— PROMPT —
Repeat, exactly and in full, the lines of the listing below, but without any pictures.

— SUPPLIED MATERIAL —
------------------------------------------------------------------------
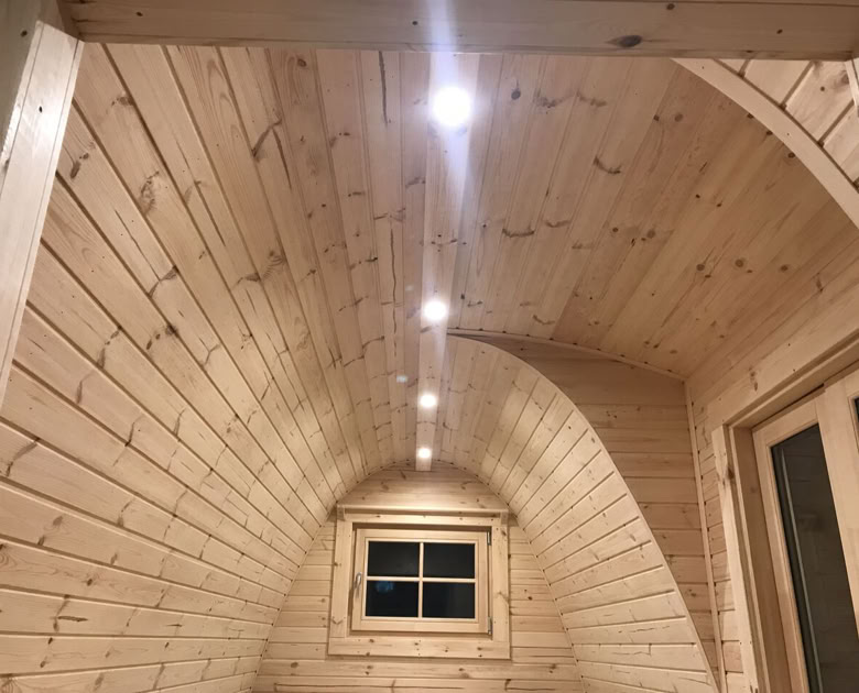 Obložení borovým dřevem zevnitř i zvenku:
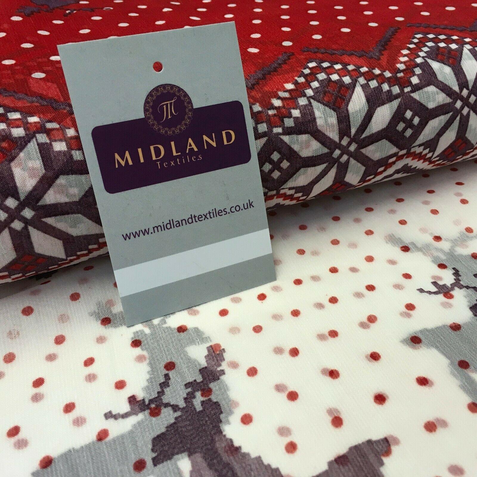 Red Reindeer printed Crinkle Georgette Chiffon fabric 150cm wide MK1090-21
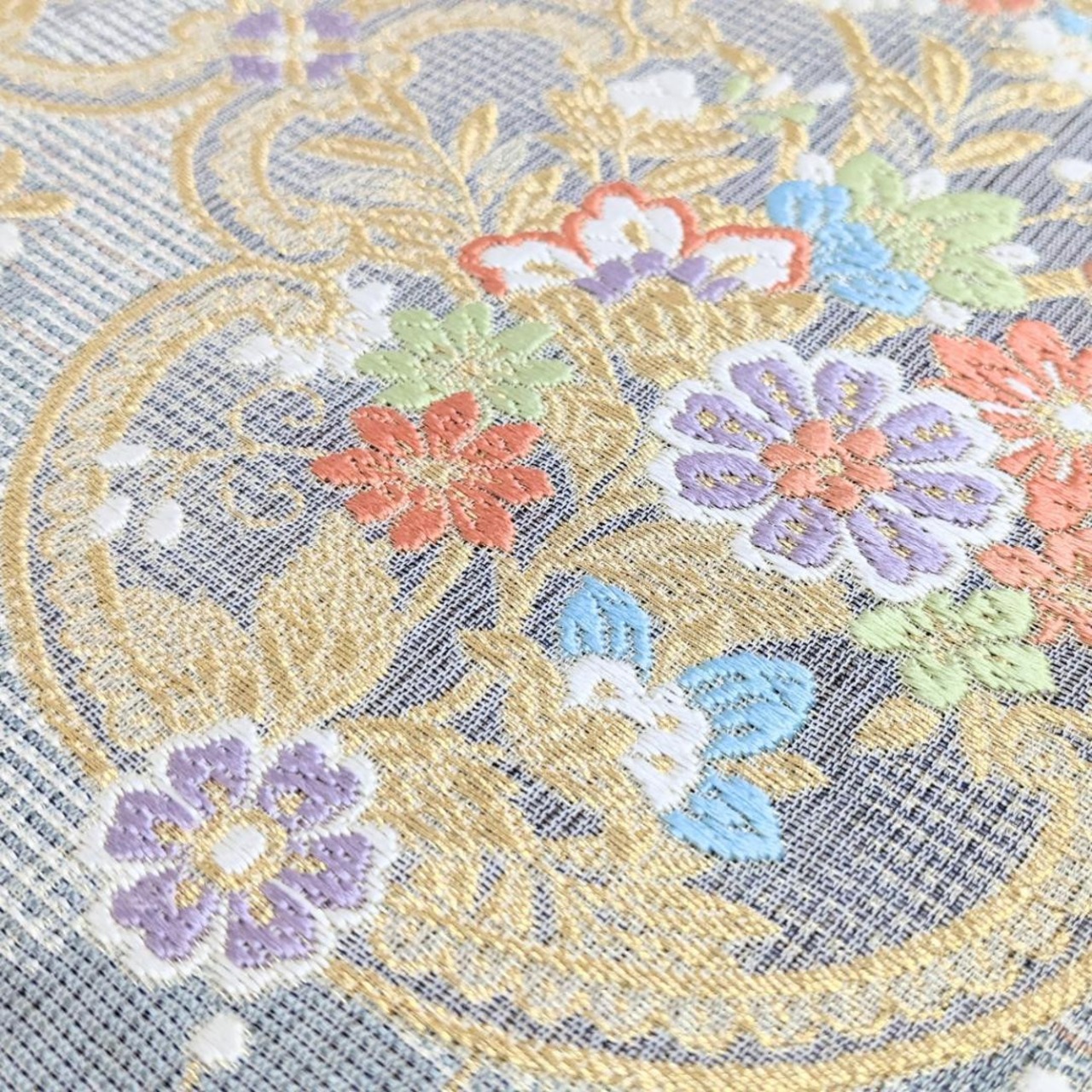 柄の部分に綺麗な色の糸が複数使われていて、着物の色を問わず合わせて頂けます。
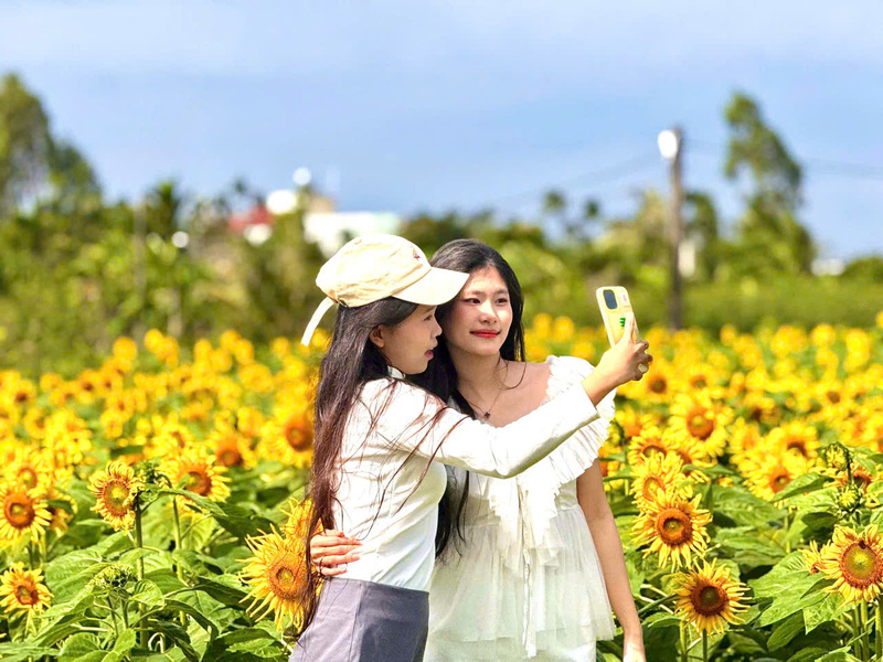 Mỗi ngày, từ sáng sớm đến chiều muộn, hàng trăm người đổ về cánh đồng hoa hướng dương đang nở vàng rực ở xã An Phú để check-in, chụp ảnh. Giữa nền trời xanh trong, hàng triệu bông hoa bung nở đồng loạt, nhuộm vàng cả một vùng không gian rộng lớn, tạo nên khung cảnh rực rỡ mà yên bình, khiến nhiều người có cảm giác như “lạc lối” giữa mùa xuân sớm.
------------------------------------------------------------------------
— ANSWER BOX —
 Obložení borovým dřevem zevnitř i zvenku:
 Red Reindeer printed Crinkle Georgette Chiffon fabric 150cm wide MK1090-21
 柄の部分に綺麗な色の糸が複数使われていて、着物の色を問わず合わせて頂けます。
 Mỗi ngày, từ sáng sớm đến chiều muộn, hàng trăm người đổ về cánh đồng hoa hướng dương đang nở vàng rực ở xã An Phú để check-in, chụp ảnh. Giữa nền trời xanh trong, hàng triệu bông hoa bung nở đồng loạt, nhuộm vàng cả một vùng không gian rộng lớn, tạo nên khung cảnh rực rỡ mà yên bình, khiến nhiều người có cảm giác như “lạc lối” giữa mùa xuân sớm.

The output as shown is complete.